This paper studied eight Diels-Alder reactions and one Cheletropic reaction using two popular computational methods: PM6 and B3LYP (6-31 G(d) basis set) in GaussView 5.0. In Exercise 1-3, the MO calculation was used to identify the interacting frontier orbitals and possible secondary-orbital interactions. In Exercise 1, the C-C bond length of molecules optimized using PM6 level showed good agreement with literature with less than 1% percentage difference.
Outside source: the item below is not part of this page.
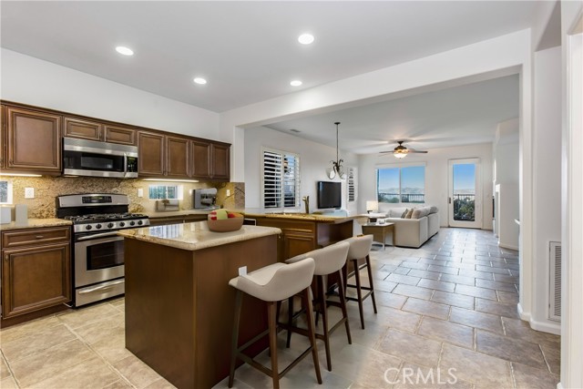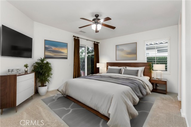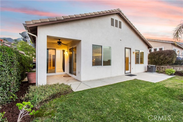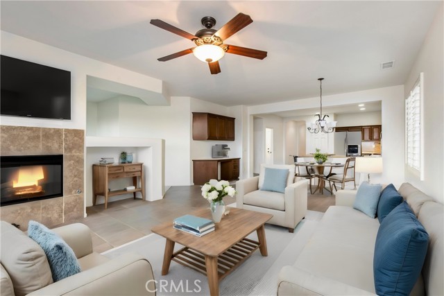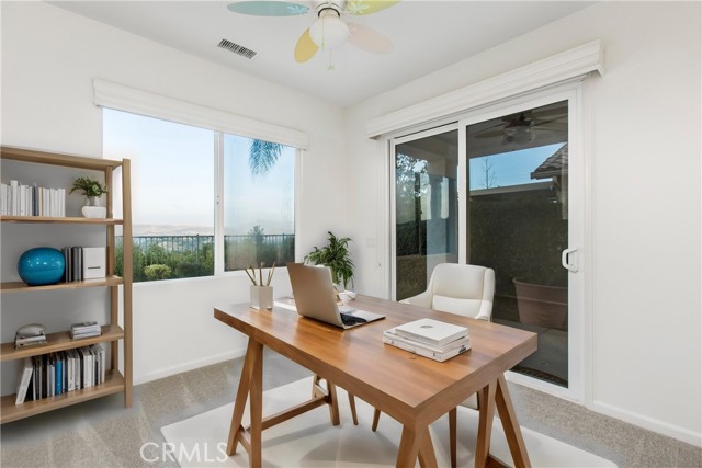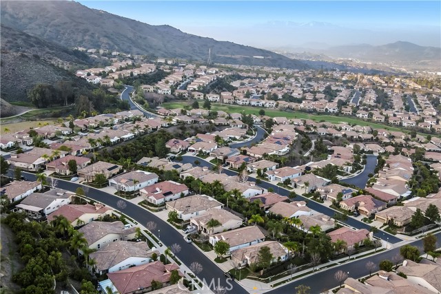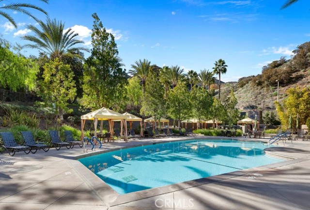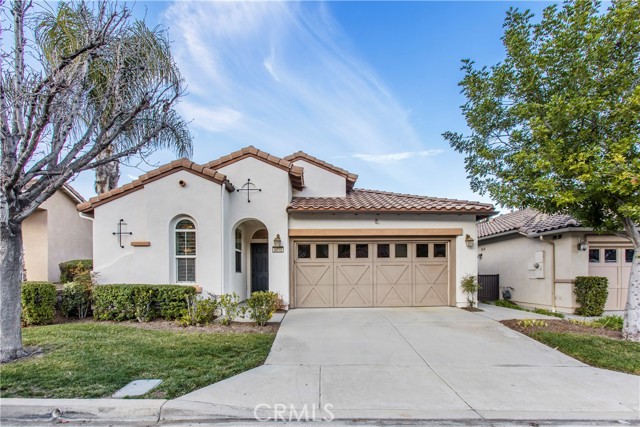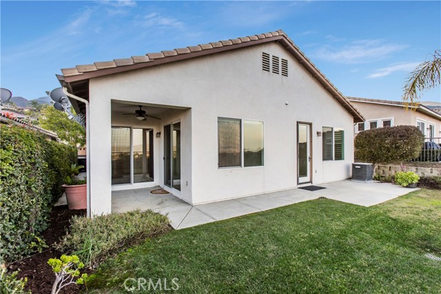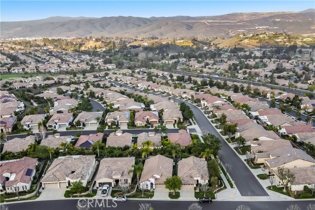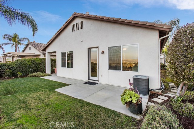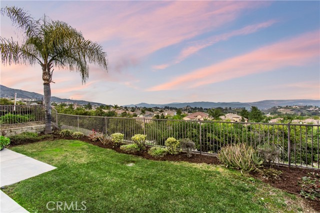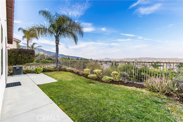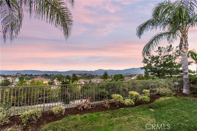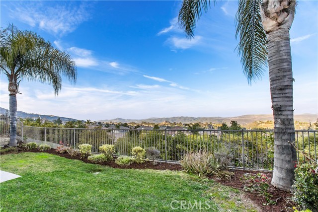 Welcome to Trilogy at Glen Ivy, a luxurious 55+ gated community by Shea homes. This highly sought after community is nestled in the hills of Saddleback Canyon, surrounded by the majestic views of the Cleveland National Forest. Beautifully upgraded single-story sits on a premium lot with a heart-opening panoramic view that will take your breath away. 2 bedrooms, 2 bathrooms, and a flex room for an office, dining area, or creative space. As you step inside, you will be immediately greeted by the raised ceiling and the stunning backyard view seen through the living room windows. Fresh paint and newly installed carpet, open layout with natural lights. The upgraded kitchen features recessed lighting, ceramic tile flooring, timeless mahogany wood cabinets with pull-out drawers, granite countertops and a backsplash. The stainless steel appliances, charming island, and expansive breakfast bar connects to the living space with built-in desks and cabinets, a cozy fireplace, entertainment center nook. The primary bedroom offers a stunning view and an en-suite bathroom with a walk-in closet, double vanity sink, cabinet and direct access to the backyard. The second bedroom with a gorgeously upgraded bathtub with a sliding door, perfect for accommodating guests with privacy. The flex room, with a view and sliding glass door provides access to the backyard. The backyard with a breathtaking view, palm trees, vibrant grass, and hardscape outdoor sitting area combined with a variety of plants, creates a tranquil oasis. A convenient and functional laundry room with a utility sink and built-in storage cabinets. The attached 2-car garage, with generous built-in storage cabinets, has a door that leads to the side yard. Trilogy at Glen Ivy's amenities includes the Blue Water Sports Club, with its high ceiling Olympic-sized indoor pool and walking track overhead, is the perfect place to stay active all year round. The outdoor resort-style pool, with cabanas, a fireplace, BBQ area, an amphithere under the star concert and various clubs and activities organized by the community, allowing residents to socialize and connect with their neighbors.

IRC analysis at PM6 level in all exercises showed that the TS has been optimized. In Exercise 2 and Exercise 3, thermodynamic values (activation Gibbs-Free energy and Δ Gibbs-Free energy) were extracted from the log file output and rate constant was calculated using the activation Gibbs-Free energy based on method by D. A. McQuarrie (1997) [1].

2. Aim.

The aim of this study is to locate and characterize the transition states of several Diels-Alder reactions.

3. Introduction.

Chemical behaviour of a molecule is controlled by the electrons that participate in the chemical process [2]. In particular, the electronic structure and properties in its stationary state could be described by the time-independent solution of Schrödinger’s equation:

H^ψA=EAψA

, where A labels the state of interest [2].

The above equation forms the foundation for quantum chemistry and modern computational methods.
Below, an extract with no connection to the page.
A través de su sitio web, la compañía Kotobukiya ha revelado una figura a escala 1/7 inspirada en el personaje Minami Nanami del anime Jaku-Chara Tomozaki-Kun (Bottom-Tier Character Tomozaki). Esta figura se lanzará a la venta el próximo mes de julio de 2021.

For a given reaction where there is ambiguity in structure or mechanism, computational chemistry is useful in predicting the likeliest structure or mechanism. For example, in 1986, computational calculation correctly predicted and later experimentally confirmed a bent structure for methylene, which challenged the linear experimental value by Hertzberg thought to be true at the time [3].

A. Standard Computational Methods.

The recurring challenge in computational method is that the Schrodinger equation can be solved exactly only for one-electron systems, while most molecules have much more than one electron in the system. To address this challenges, multiple methods have been developed to find increasingly accurate approximations to the Schrodinger equation for many-electron systems [2]. Each of the methods has its own trade-off between accuracy and computational cost. With that in mind, two such methods had been selected in this study: semi-quantitative Parameterization Method 6 (PM6); and Density Functional Theory (DFT), Becke, 3-parameter, Lee-Yang-Parr (B3LYP).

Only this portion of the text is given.